====== Task data ======

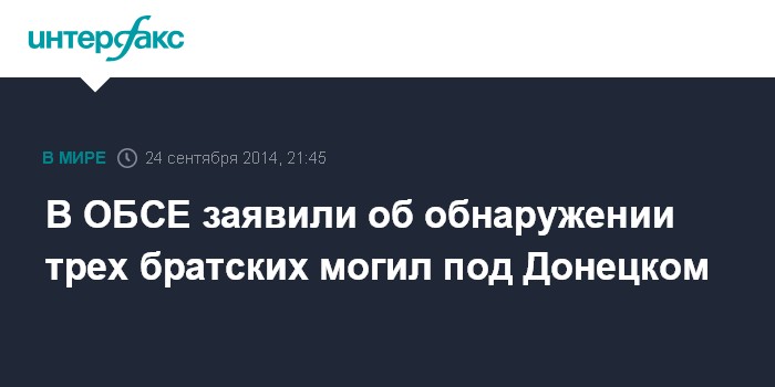 Москва. 24 сентября. INTERFAX.RU - Группа наблюдателей ОБСЕ на Украине нашла три места массового захоронения под Донецком, говорится в докладе, опубликованном в среду на сайте организации.
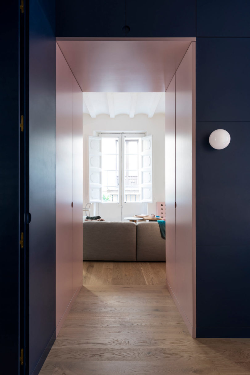 這間公寓位于巴塞羅那最古老的社區(qū)之一Born,總共65平米。居者是一個年輕女性,雖然是古老的社區(qū),但居者也有著自己對于生活的品位,于是聘請了Colombo and Serboli Architecture (CaSA)來進(jìn)行軟裝設(shè)計煥新改造。
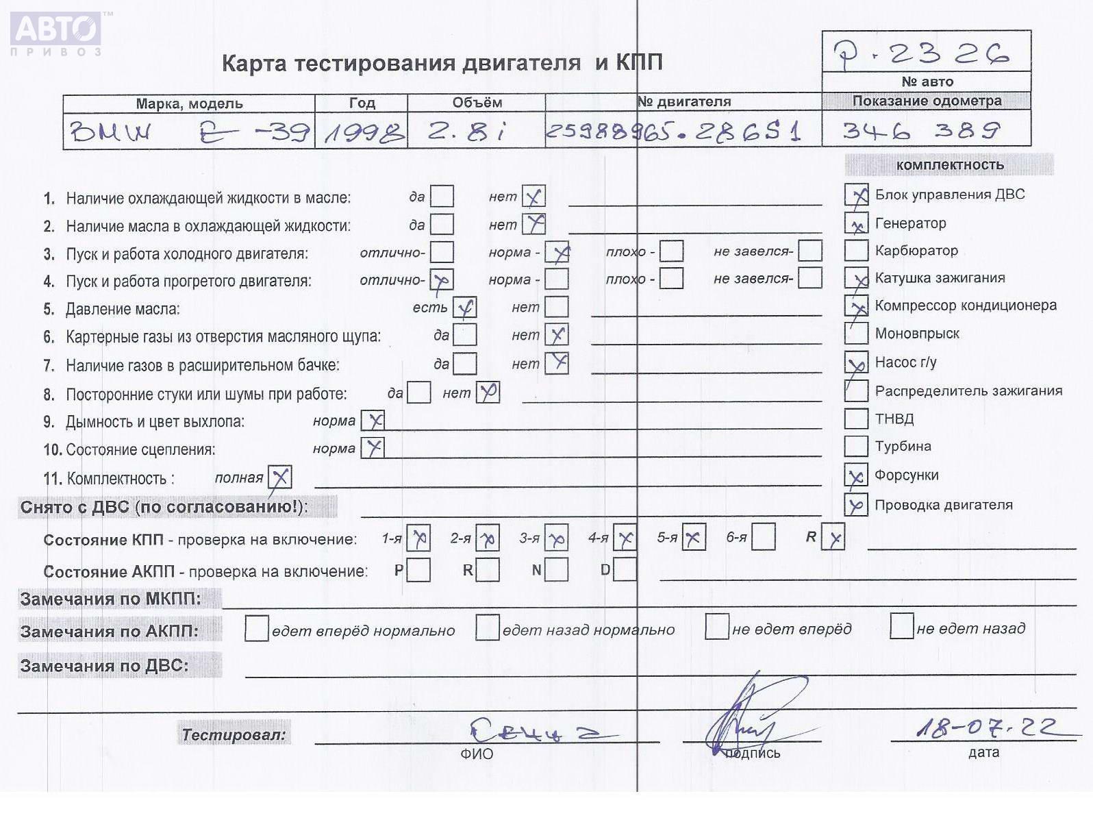 | Автомобиль / VIN: | P2326 WBADH51060BX18983 |
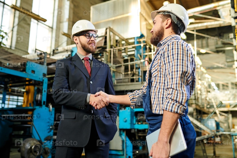 Контент молодой промышленный инженер с планшетом, который делает рукопожатие с новым инвестором после заключения сделки
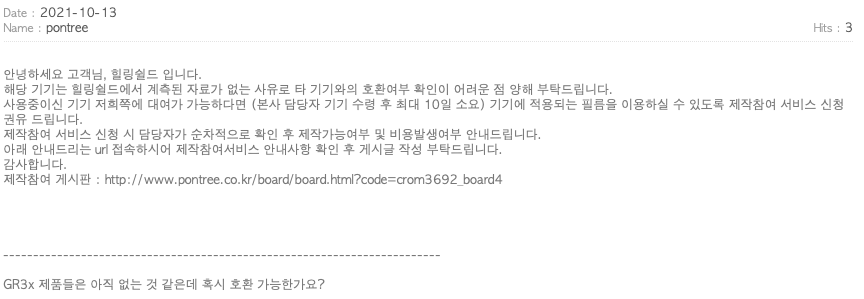 GR 3와 치수가 같은가 싶어 GR 3 제품에 GR 3x와 호환이 가능한 지 문의를 남겼고,
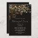 Fleurs dorées mignonnes et feuilles sur un arrière - plan noir, avec des lampes à cordes blanches.
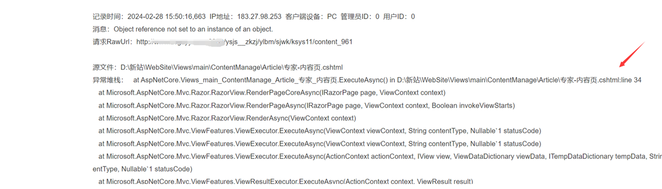 问题分析:访问专家内容页访问提示404的问题,查看对应的异常日志,提示如下图:
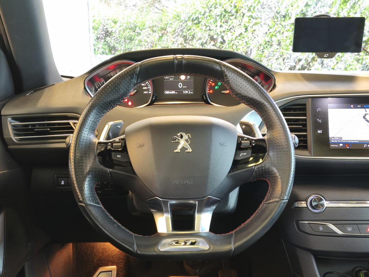2 Prises 12VABS (Antiblocage de roues)Accès et démarrage mains libres - inclut la prise USB en rang 2 et un plip supplémentaireAccoudoir central avant avec rangementAide graphique et sonore au stationnement arrièreAide graphique et sonore au stationnement avantAir conditionné automatique bi-zone (avec filtre à charbon actif, anti-odeurs)Airbags frontaux conducteur et passager adaptatifs (passager neutralisable), latéraux avant et rideaux avant et arrièreAlerte visuelle et sonore de débouclage des ceintures de sécurité arrièreAlerte visuelle et sonore de non bouclage et de débouclage des ceintures de sécurité conducteur et passager avantAllumage automatique des feux de détresseAntenne courteAppuis-tête à sécurité optimisée réglables en hauteur sur les sièges conducteur et passager avant ainsi que sur les places arrièresAssistance au démarrage en côte (Hill Assist)Assistance au freinage d'urgenceAvertisseur de temps de conduiteBadge GT sur les ailes avant et le pare-chocs arrièreBanquette arrière rabattable (2/3 -1/3) avec modularité Magic FlatBarres de seuils de portes avant en inoxBarres de toit longitudinales en aluminiumBecquet arrière couleur carrosserieBoîte à gants éclairée et réfrigérableBouclier arrière couleur carrosserieBouclier arrière intégrant des doubles canules d'échappement de styleCalandre avec jonc périphérique et damiers chromés, intégrant le lion PEUGEOTCeinture conducteur et passager à enrouleur pyrotechniqueCeintures centrale rang 2 sans limitation d'effort, 3 pointsCeintures latérales rang 2 avec limitation d'effortCombiné "Haut de gamme "spécifique GT avec matrice couleur 3"5 et fond de compteur DamierCommande de verrouillage à distance (deux plips)Contrôle de trajectoire ESP déconnectableCoquilles de rétroviseur spécifiques Noir Perla NeraDécors spécifiques intérieurs avec surpiqûres rougesDétecteur de sous-gonflage à détection indirecteDiffuseur arrière noir laquéDriver Sport PackEcran tactile 9,7'' (Radio 6HP, et connectivité Bluetooth (audio streaming, kit mains libres), commandes au volantEnjoliveurs latéraux de bas de caisseEntourage de vitres chroméESP (contrôle dynamique de stabilité) + ASREssuie-glace arrière avec déclenchement automatique en marche arrièreFeux arrière à LEDFeux diurnes à LEDFixations Isofix (aux places latérales arrière)Fonction Mirror ScreenGarnissage TEP/ALCANTARA avec surpiqûres rougesHabitacle et ciel de pavillon anthraciteJantes alliage 18" 'Diamant'Kit de dépannage pneumatique (anneau de remorquage, compresseur et flacon de produit de colmatage)Lève-vitres électriques arrière à fonctions séquentielle et anti-pincementLève-vitres électriques avant à commande séquentielle et anti-pincementLunette arrière chauffanteMiroirs de courtoisie éclairés conducteur et passagerPack ConfortPack SafetyPack VisibiltéPédalier et repose-pied conducteur en aluminiumPeinture opaque Gris HurricanePEUGEOT Connect : Navigation connectée 3D avec reconnaissance vocale - Cartographie Europe avec connexion automatique et permanente aux services de Navigation connectée, SOS et Assistance, TéléservicesPEUGEOT i-Cockpit : Poste de pilotage innovant associant combiné tête haute, volant compact et grand écran tactilePlafonnier central avant et arrière à LEDPoches aumônières au dos des sièges avantPommeau de levier de vitesses et frein à main en cuirPrise 12VPrise USBProjecteurs 'Peugeot Full LED Technology'Rails de coffre en AluminiumRangement dans le coffre, spécifique pour triangle de pré-signalisation et trousse de secoursRéglage lombaire du siège passager (mécanique)Réglage manuel lombaire du siège conducteurRégulateur et limiteur de vitesseRépartiteur électronique de freinage REFRétroviseurs extérieurs avec réglage électriqueRétroviseurs extérieurs dégivrantsRétroviseurs extérieurs rabattables électriquement avec éclairage d'accueilSécurité enfant électrique des vitres arrièreSiège conducteur et passager réglable en hauteur (mécanique)Surtapis avec surpiqûres rougesSuspension sport (assiette abaissé de 10 mm)Verrouillage automatique de tous les ouvrants en roulantVisiopark 1 : caméra de recul avec restitution sur l'écran tactile d'une vue arrière, et d'une vue de dessus de l'environnement arrière du véhiculeVitres latérales et lunette arrière surteintéesVolant réglable en hauteur et en profondeur (mécanique)Volant spécifique, cuir pleine fleur avec surpiqûres rouges

======

[Aim of the task]
Copy every entry exactly, leaving out the pictures.

[Written response]
 Москва. 24 сентября. INTERFAX.RU - Группа наблюдателей ОБСЕ на Украине нашла три места массового захоронения под Донецком, говорится в докладе, опубликованном в среду на сайте организации.
 這間公寓位于巴塞羅那最古老的社區(qū)之一Born,總共65平米。居者是一個年輕女性,雖然是古老的社區(qū),但居者也有著自己對于生活的品位,于是聘請了Colombo and Serboli Architecture (CaSA)來進(jìn)行軟裝設(shè)計煥新改造。
 | Автомобиль / VIN: | P2326 WBADH51060BX18983 |
 Контент молодой промышленный инженер с планшетом, который делает рукопожатие с новым инвестором после заключения сделки
 GR 3와 치수가 같은가 싶어 GR 3 제품에 GR 3x와 호환이 가능한 지 문의를 남겼고,
 Fleurs dorées mignonnes et feuilles sur un arrière - plan noir, avec des lampes à cordes blanches.
 问题分析:访问专家内容页访问提示404的问题,查看对应的异常日志,提示如下图:
2 Prises 12VABS (Antiblocage de roues)Accès et démarrage mains libres - inclut la prise USB en rang 2 et un plip supplémentaireAccoudoir central avant avec rangementAide graphique et sonore au stationnement arrièreAide graphique et sonore au stationnement avantAir conditionné automatique bi-zone (avec filtre à charbon actif, anti-odeurs)Airbags frontaux conducteur et passager adaptatifs (passager neutralisable), latéraux avant et rideaux avant et arrièreAlerte visuelle et sonore de débouclage des ceintures de sécurité arrièreAlerte visuelle et sonore de non bouclage et de débouclage des ceintures de sécurité conducteur et passager avantAllumage automatique des feux de détresseAntenne courteAppuis-tête à sécurité optimisée réglables en hauteur sur les sièges conducteur et passager avant ainsi que sur les places arrièresAssistance au démarrage en côte (Hill Assist)Assistance au freinage d'urgenceAvertisseur de temps de conduiteBadge GT sur les ailes avant et le pare-chocs arrièreBanquette arrière rabattable (2/3 -1/3) avec modularité Magic FlatBarres de seuils de portes avant en inoxBarres de toit longitudinales en aluminiumBecquet arrière couleur carrosserieBoîte à gants éclairée et réfrigérableBouclier arrière couleur carrosserieBouclier arrière intégrant des doubles canules d'échappement de styleCalandre avec jonc périphérique et damiers chromés, intégrant le lion PEUGEOTCeinture conducteur et passager à enrouleur pyrotechniqueCeintures centrale rang 2 sans limitation d'effort, 3 pointsCeintures latérales rang 2 avec limitation d'effortCombiné "Haut de gamme "spécifique GT avec matrice couleur 3"5 et fond de compteur DamierCommande de verrouillage à distance (deux plips)Contrôle de trajectoire ESP déconnectableCoquilles de rétroviseur spécifiques Noir Perla NeraDécors spécifiques intérieurs avec surpiqûres rougesDétecteur de sous-gonflage à détection indirecteDiffuseur arrière noir laquéDriver Sport PackEcran tactile 9,7'' (Radio 6HP, et connectivité Bluetooth (audio streaming, kit mains libres), commandes au volantEnjoliveurs latéraux de bas de caisseEntourage de vitres chroméESP (contrôle dynamique de stabilité) + ASREssuie-glace arrière avec déclenchement automatique en marche arrièreFeux arrière à LEDFeux diurnes à LEDFixations Isofix (aux places latérales arrière)Fonction Mirror ScreenGarnissage TEP/ALCANTARA avec surpiqûres rougesHabitacle et ciel de pavillon anthraciteJantes alliage 18" 'Diamant'Kit de dépannage pneumatique (anneau de remorquage, compresseur et flacon de produit de colmatage)Lève-vitres électriques arrière à fonctions séquentielle et anti-pincementLève-vitres électriques avant à commande séquentielle et anti-pincementLunette arrière chauffanteMiroirs de courtoisie éclairés conducteur et passagerPack ConfortPack SafetyPack VisibiltéPédalier et repose-pied conducteur en aluminiumPeinture opaque Gris HurricanePEUGEOT Connect : Navigation connectée 3D avec reconnaissance vocale - Cartographie Europe avec connexion automatique et permanente aux services de Navigation connectée, SOS et Assistance, TéléservicesPEUGEOT i-Cockpit : Poste de pilotage innovant associant combiné tête haute, volant compact et grand écran tactilePlafonnier central avant et arrière à LEDPoches aumônières au dos des sièges avantPommeau de levier de vitesses et frein à main en cuirPrise 12VPrise USBProjecteurs 'Peugeot Full LED Technology'Rails de coffre en AluminiumRangement dans le coffre, spécifique pour triangle de pré-signalisation et trousse de secoursRéglage lombaire du siège passager (mécanique)Réglage manuel lombaire du siège conducteurRégulateur et limiteur de vitesseRépartiteur électronique de freinage REFRétroviseurs extérieurs avec réglage électriqueRétroviseurs extérieurs dégivrantsRétroviseurs extérieurs rabattables électriquement avec éclairage d'accueilSécurité enfant électrique des vitres arrièreSiège conducteur et passager réglable en hauteur (mécanique)Surtapis avec surpiqûres rougesSuspension sport (assiette abaissé de 10 mm)Verrouillage automatique de tous les ouvrants en roulantVisiopark 1 : caméra de recul avec restitution sur l'écran tactile d'une vue arrière, et d'une vue de dessus de l'environnement arrière du véhiculeVitres latérales et lunette arrière surteintéesVolant réglable en hauteur et en profondeur (mécanique)Volant spécifique, cuir pleine fleur avec surpiqûres rouges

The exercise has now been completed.